On the latest episode of Minimum Viable Podcast, I had the pleasure of sitting down with Charles Hudson, Founder and Managing Partner and Founder of Precursor Ventures. Under Charles' leadership, Precursor has raised four funds totaling over $175 million and has backed more than 375 companies led by over 400 founders. Prior to founding Precursor, Charles was a Partner at Uncork Capital, Co-Founder and CEO of Bionic Panda Games, and held various product roles.
Our conversation covered a lot of ground, from Charles' journey into VC to his hard-won lessons on what makes for fruitful founder-investor relationships. I really appreciated Charles' willingness to share his experiences candidly – the good, the bad, and the gruesome. His insights are a goldmine for founders and investors alike who want to build lasting partnerships that drive meaningful outcomes.
Catch the full episode with Charles Hudson here:
But hey, I know you're busy. So I've distilled Charles' top 5 pieces of wisdom right here:
At the core of any great investor-founder relationship is trust. But as Charles points out, that trust has to be earned through genuine, straightforward communication.
"My view is I go into these assuming that nobody trusts me or knows me if we haven't worked together. And that was a big unlock for me, if I assume that nobody trusts me or knows me, then I have to earn their trust."
Investors, take note – don't just assume founders trust you from the get-go. Show that you're worthy of that trust through your actions and words. Be real with them, consistently.
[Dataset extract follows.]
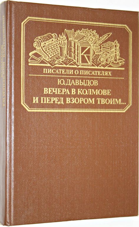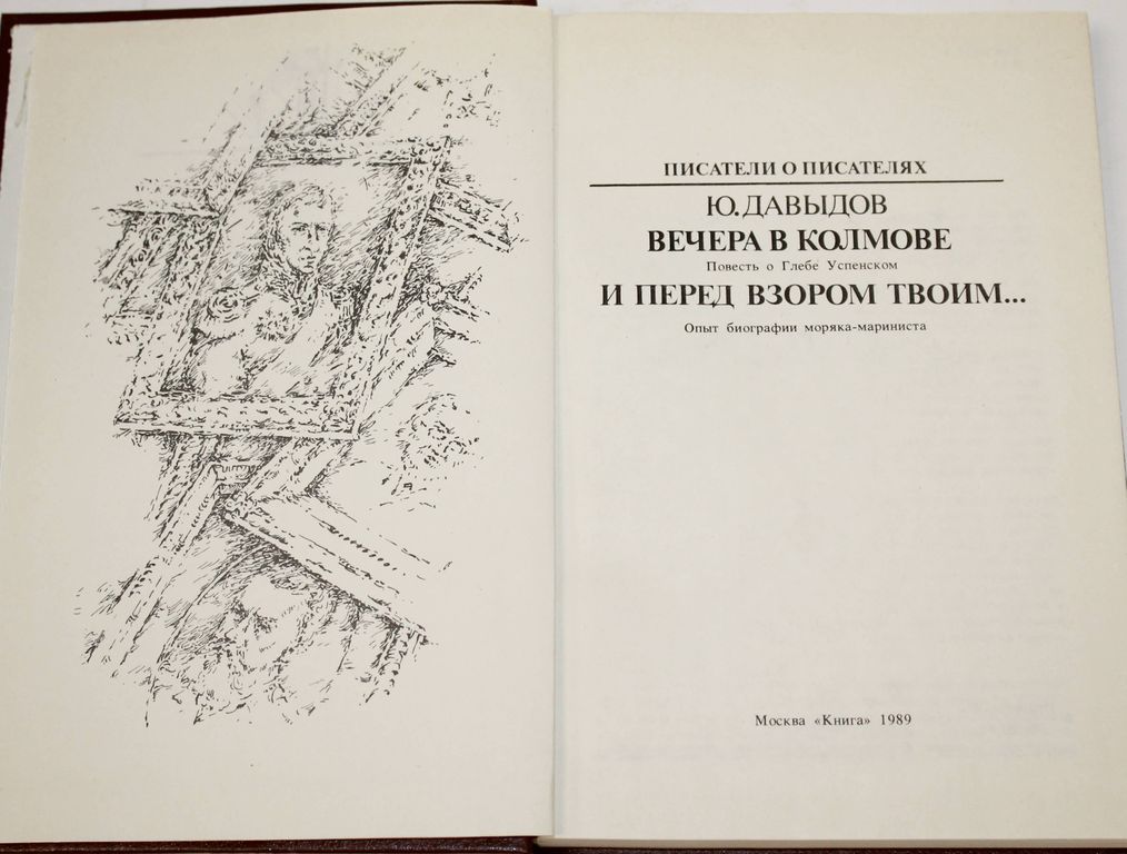 Давыдов Ю.В. Вечера в Колмове. Повесть о Глебе Успенском. И перед взором твоим… Опыт биографии моряка-мариниста. Серия: Писатели о писателях. М.: Книга. 1989г. 334 с., ил. Повесть о Глебе Успенском рассказывает о последних, самых драматических годах жизни замечательного русского писателя. Написанная ярко, страстно, повесть заставляет сегодняшнего читателя обратиться к нравственным проблемам, связанным с судьбой народа. В книгу включены повесть о русском мореплавателе и писателе Василии Головнине, а также в сокращенном варианте ``Дневник Усольцева. Твердый переплет. Увеличенный формат. Отличное состояние.

That's how you lay the groundwork for an awesome partnership.
We've all seen it happen – an investor makes grand claims about all the ways they'll add value, only to fall short.
"One area where [investor-founder relationships] go wrong, I've seen quite often, is VCs overpromising what they can actually do for founders. And I said, okay, so let's not overpromise what we’ll deliver."
Be upfront about how you can realistically support founders. They'll appreciate the honesty way more than any flashy promises. Clarity on expectations from the start sets everyone up for success.
Giving tough feedback can be awkward. But as Charles has learned, it's crucial for driving founder success in the long run.
"I think what happens is in the short term [is that] there's limited value to direct, honest feedback that isn't helpful or isn't what the founder wants to hear. But in the long term, the value of having relationships that are fundamentally built on honesty is much, much greater."
Yeah, those convos might feel a bit uncomfortable in the moment. But founders need investors who can tell them the hard truths, not just what they want to hear. It's a skill worth developing – your founders will thank you, even if it doesn't feel like it at the time.
Now, this doesn't mean you should be dishing out criticism left and right. As Charles wisely notes, you've got to know your lane.
"I always ask myself, do I have permission to provide this person with feedback in this domain? Sometimes I conclude the answer is no. This person simply knows more about the problem than I do."
Investors, remember – you're not an expert on everything. Recognize when the founder has deeper insight than you and learn to defer to their knowledge. Overstepping erodes trust, so be mindful of when your two cents are truly valuable.
Ah, the dreaded follow-on financing convo. It can get pretty uncomfortable if expectations aren't aligned.
"Whatever I tell them should only be a positive surprise. People shouldn't be wondering about whether I'm going to invest more. I have some founders where we don't talk that often, we're not that close, I don't have much insight on the business – and it's not about liking them."
Don't leave your founders guessing about where you stand. Have an honest discussion about your approach to follow-ons early on. That way, founders can plan accordingly and there's no blindsiding down the line.